- **Problem details**
All the lines below need retyping exactly, apart from the images.

═══ Task input

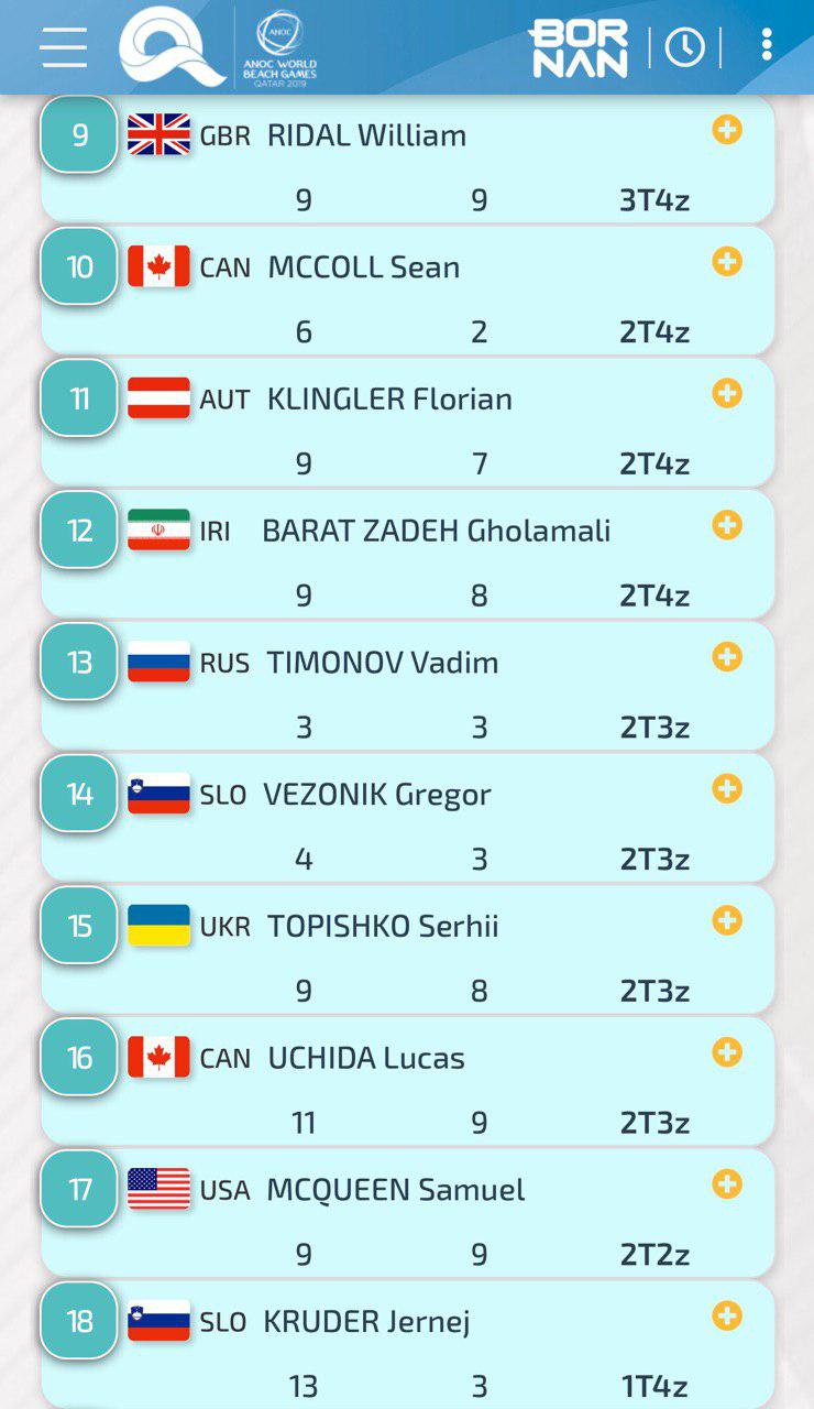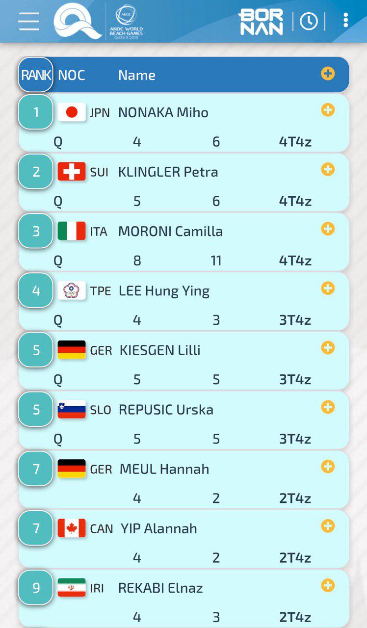 در پایان مسابقات سنگنوردی نخستین دوره بازیهای جهانی ساحلی در بخش زنان، «الناز رکابی» با کسب دو امتیاز تاپ و ۴ امتیاز bonus در جایگاه نهم ایستاد و از راهیابی به مرحله پایانی بازماند.
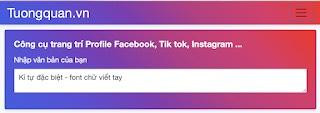Bước 2: Tìm ô “Công cụ trang trí Profile Facebook, TikTok, Instagram,...” và nhập văn bản bạn muốn thay đổi font chữ viết tay.
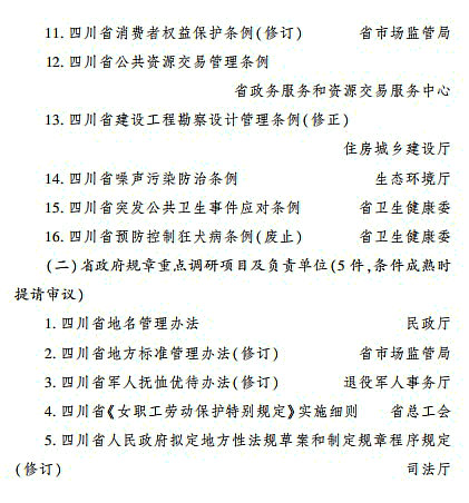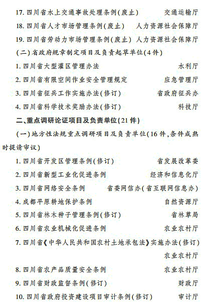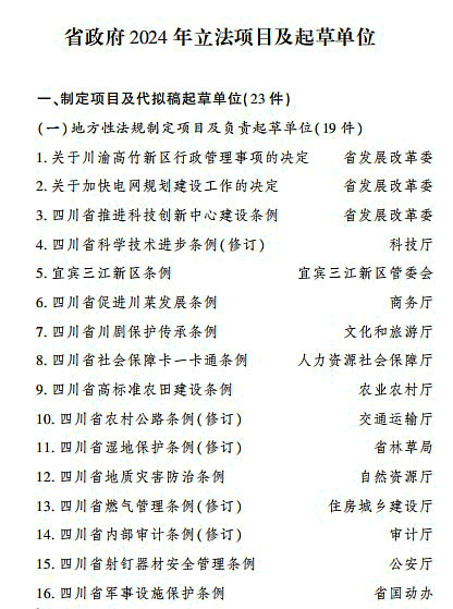 日前,省政府辦公廳印發(fā)《四川省人民政府2024年立法計(jì)劃》。省政府2024年立法計(jì)劃項(xiàng)目共44件,其中制定類項(xiàng)目23件(地方性法規(guī)19件、省政府規(guī)章4件),重點(diǎn)調(diào)研論證類項(xiàng)目21件(地方性法規(guī)16件、省政府規(guī)章5件)。
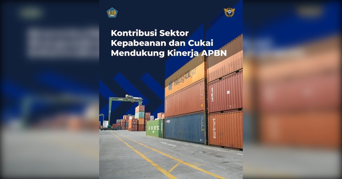 Gambar: Ilustrasi tumpukan kontainer kargo di area pelabuhan yang merepresentasikan aktivitas ekspor impor sebagai sektor vital dalam kontribusi kepabeanan dan cukai untuk mendukung kinerja Anggaran Pendapatan dan Belanja Negara (APBN), disertai logo Kementerian Keuangan dan Bea Cukai.
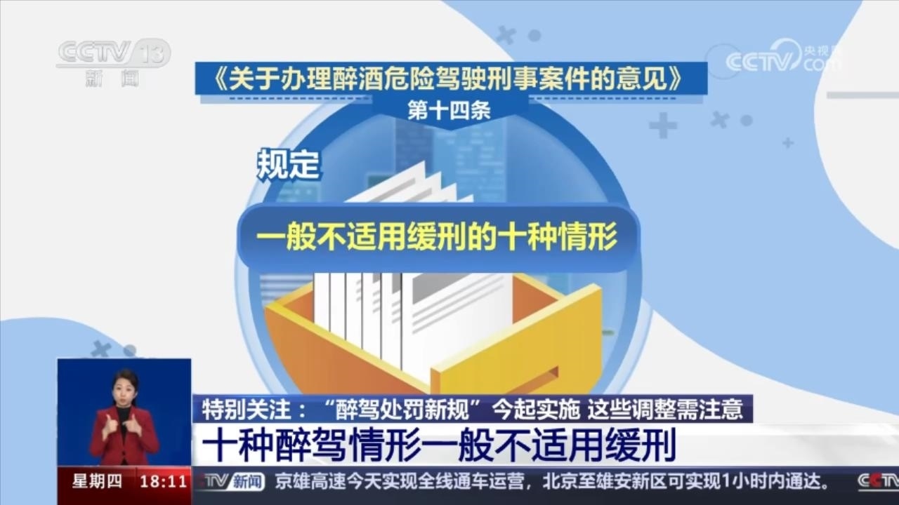 “醉駕處罰新規(guī)”開始實(shí)施:15種情形從重處理 10種情形一般不適用緩刑
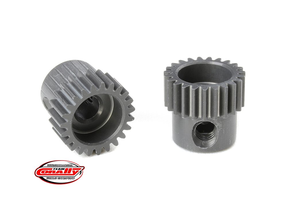 Krátké provedení, materiál tvrzený hliník 7075 T6, 23 zubů, modul ozubení 64DP. Pro hřídel motoru o průměru 3.17 mm (1/8 in). Pastorky TEAM CORALLY jsou vyráběny frézováním a následně tvrzeny, čímž je zajištěna vysoká přesnost ozubení. Všechny pastorky TEAM CORALLY jsou vyrobeny v EU.Doplňkové parametry

══════

- **Exercise response**
 در پایان مسابقات سنگنوردی نخستین دوره بازیهای جهانی ساحلی در بخش زنان، «الناز رکابی» با کسب دو امتیاز تاپ و ۴ امتیاز bonus در جایگاه نهم ایستاد و از راهیابی به مرحله پایانی بازماند.
Bước 2: Tìm ô “Công cụ trang trí Profile Facebook, TikTok, Instagram,...” và nhập văn bản bạn muốn thay đổi font chữ viết tay.
 日前,省政府辦公廳印發(fā)《四川省人民政府2024年立法計(jì)劃》。省政府2024年立法計(jì)劃項(xiàng)目共44件,其中制定類項(xiàng)目23件(地方性法規(guī)19件、省政府規(guī)章4件),重點(diǎn)調(diào)研論證類項(xiàng)目21件(地方性法規(guī)16件、省政府規(guī)章5件)。
 Gambar: Ilustrasi tumpukan kontainer kargo di area pelabuhan yang merepresentasikan aktivitas ekspor impor sebagai sektor vital dalam kontribusi kepabeanan dan cukai untuk mendukung kinerja Anggaran Pendapatan dan Belanja Negara (APBN), disertai logo Kementerian Keuangan dan Bea Cukai.
 “醉駕處罰新規(guī)”開始實(shí)施:15種情形從重處理 10種情形一般不適用緩刑
 Krátké provedení, materiál tvrzený hliník 7075 T6, 23 zubů, modul ozubení 64DP. Pro hřídel motoru o průměru 3.17 mm (1/8 in). Pastorky TEAM CORALLY jsou vyráběny frézováním a následně tvrzeny, čímž je zajištěna vysoká přesnost ozubení. Všechny pastorky TEAM CORALLY jsou vyrobeny v EU.Doplňkové parametry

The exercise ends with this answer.